At the same time, water pollution by organic matter from livestock farming is now significantly more widespread than organic pollution from urban areas.
Another booming sector, aquaculture (which has expanded twenty-fold since 1980) is now releasing ever greater amounts of fish excreta, uneaten feed, antibiotics, fungicides and anti-fouling agents into surface waters.
What can be done
Water pollution from agriculture is a complex challenge and effectively managing it requires a range of responses, the report says.
The most effective way to mitigate pressure on aquatic ecosystems and rural ecologies is to limit the export of pollutants at the source or to intercept them before they reach vulnerable ecosystems. Once off-farm, the costs of remediation progressively increase.
One way to do this is to develop policies and incentives that encourage people to adopt more sustainable diets and limit increases in demand for food with a large environmental footprint — for example taxes and subsidies.
At the consumer level, reducing food waste can help. One study covered in the report estimated that nitrogen pollution from food waste adds up to 6.3 teragrams per year.
“Traditional” regulatory instruments will also continue to be a key tool in reducing farm outputs of pollutants. These include
- water quality standards;
- pollution discharge permits;
- mandatory best practices;
- environmental impact assessments for certain farming activities;
- buffer zones around farms;
- restrictions on agricultural practices or the location of farms;
- and limits on the marketing and sale of dangerous products.
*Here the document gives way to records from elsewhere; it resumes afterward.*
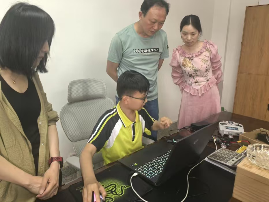 慰問過程中,校領(lǐng)導(dǎo)了解了林昊軒同學(xué)的備賽情況,對他刻苦鉆研、勇于挑戰(zhàn)的精神給與高度贊揚。據(jù)了解,林昊軒同學(xué)對科技創(chuàng)新有著濃厚的興趣,自接觸這一領(lǐng)域,他利用課余時間刻苦鉆研編程知識,反復(fù)練習(xí)機器人操作技巧。從基礎(chǔ)的編程邏輯學(xué)起,逐步掌握復(fù)雜的飛行軌跡規(guī)劃與機器人協(xié)同控制技術(shù)。備戰(zhàn)國賽期間,他試飛無人機出現(xiàn)意外,模型突然炸機,但他沉著鎮(zhèn)定、不氣餒。他說:“能代表隨州參加國賽,我感到無比自豪!每一次編程調(diào)試、每一次飛行嘗試都是成長的寶貴經(jīng)驗!
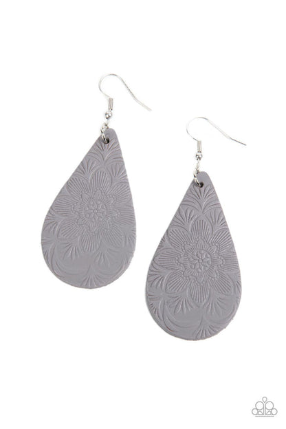 Embossed in a tropical floral pattern, a distressed Ultimate Gray leather teardrop swings from the ear for a whimsically rustic flair. Earring attaches to a standard fishhook fitting. Color may vary.
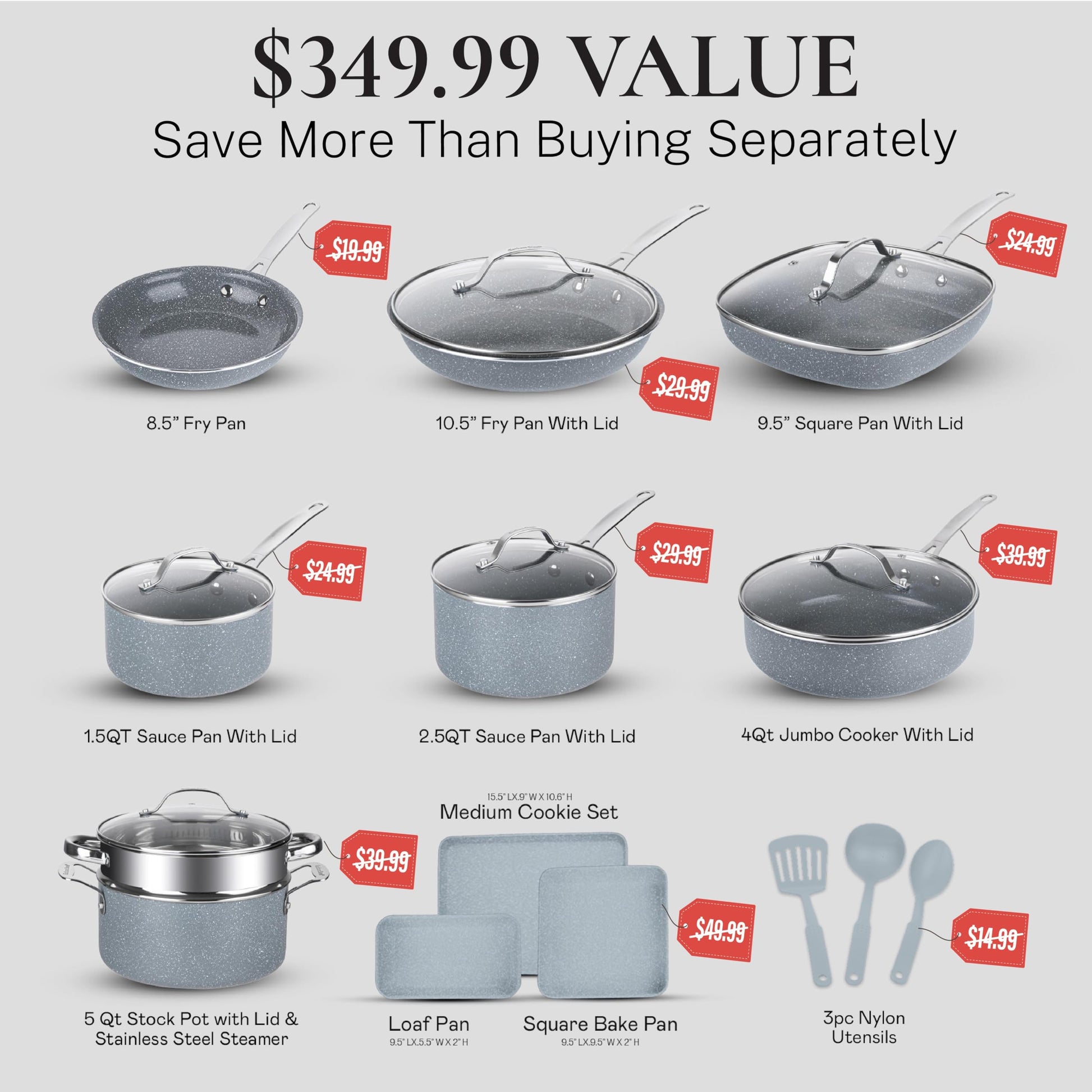 - COMPLETE KITCHEN IN A BOX: This 20 Pc non toxic cookware set includes everything you need to completely outfit your kitchen and take cooking and baking to the next level, includes a full cookware set with a 8.5” frying pan, 10” frying pan, 9.5” square frying pan with, 1.5 QT saucepan with lid, 2.5Qt saucepan with lid, 5 QT stock pot with lid and stainless steel steamer, a 4 QT jumbo cooker with lid, plus a complete baking set with cookie sheet/jelly roll pan, loaf pan, square pan and 3 cooking utensils!
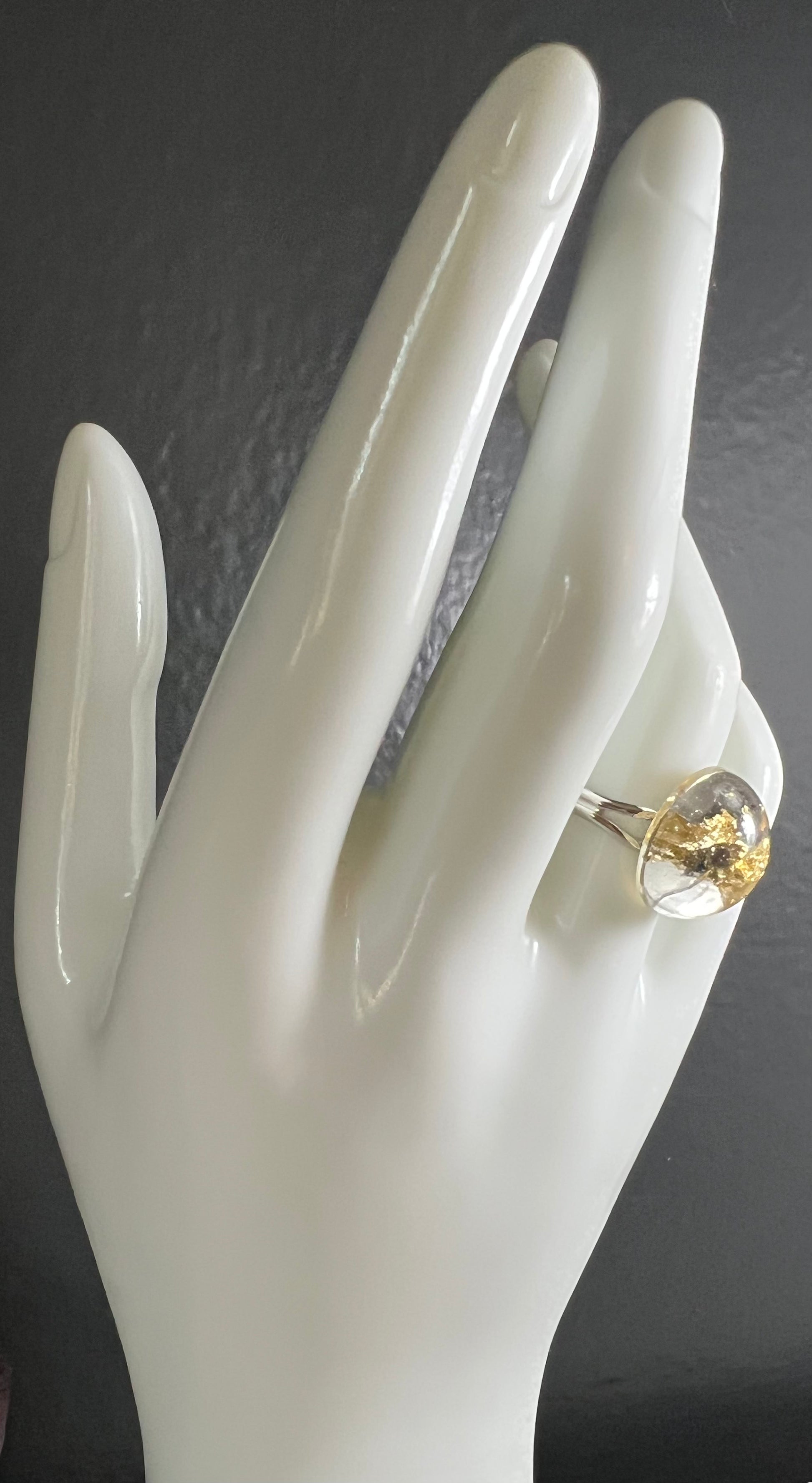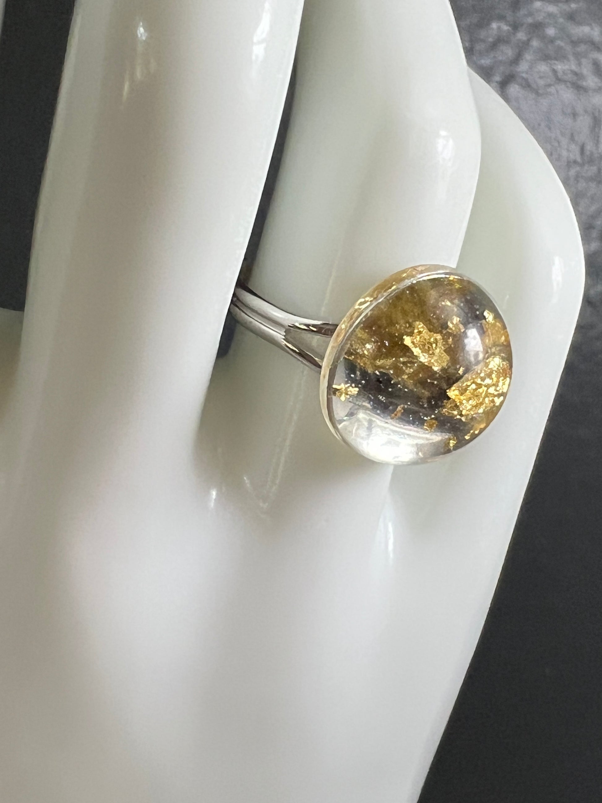 This Ring is a stunning statement piece, handmade with a pendant of clear epoxy and gold flakes. Its adjustable silver band makes it easy to customize for your comfort. This stylish accessory is sure to up your look with its classic and elegant design.
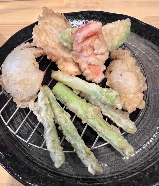 天ぷらは海老に牡蠣、アスパラガスや椎茸など、
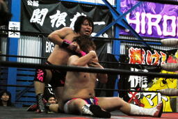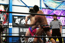 先発はヨシヒコと石井。ヨシヒコヘッドロックからフライングメイヤー、石井ヘッドシザーズ。石井弓矢固め、ヨシヒコ切り返してカバー、カウント1。石井上になってエルボー連打(右写真)、
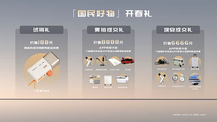 三大国民IP的落地,背后是埃安以用户为中心的战略转型。在广汽集团 “番禺行动” 引领下,昊铂埃安BU全面落地IPD、IPMS体系,实现从 “以产定销” 到 “用户需求驱动创新” 的转变,而连续两年蝉联卡思调查客户满意度第一的成绩,正是其用户思维的最好印证。为让生态价值触达更多用户,埃安还推出3月购车政策,试驾即享188元国民好物礼,下定可获最高8888元成交礼包,将品牌升维与市场增长实现双向赋能。
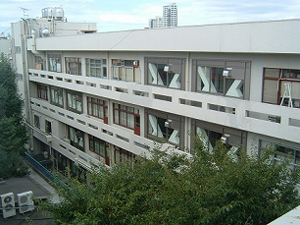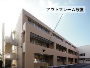 教室外部に2階分の耐震補強アウトフレームを増設しました。また、廊下側の外壁にも外部補強柱を増設しています。
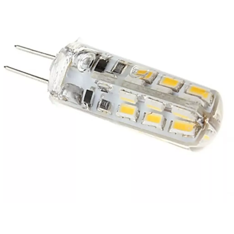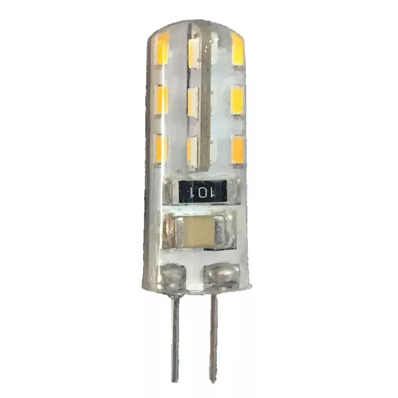 Lámpara Base Led G4, Blanco Calido 4w óptica 360° aluminio cubierta acrílica transparente, 110-127V ca, protección IP20.

However, the report acknowledges that well-known principles for reducing pollution, such as ‘polluter pays,’ are hard to apply to non-point agricultural pollution because identifying the actual polluters is neither easy nor cheap.
On the farm, a number of best practices can reduce the export of pollutants into surrounding ecosystems, for example: minimizing the use of fertilizers and pesticides, establishing buffer zones along watercourses and farm boundaries, or improving drainage control schemes.
Integrated pest management, which combines the strategic use of pest-resistant crop varieties with crop rotation and the introduction of natural predators of common pests is another helpful tool.
The report warns that availability of water resources globally is on the decline, and in many parts of the world, poor water quality makes it unsafe to use.
The report has been published jointly by the Food and Agriculture Organization of the United Nations (FAO) and the CGIAR Research Program on Water, Land and Ecosystems (WLE), led by the International Water Management Institute (IWMI).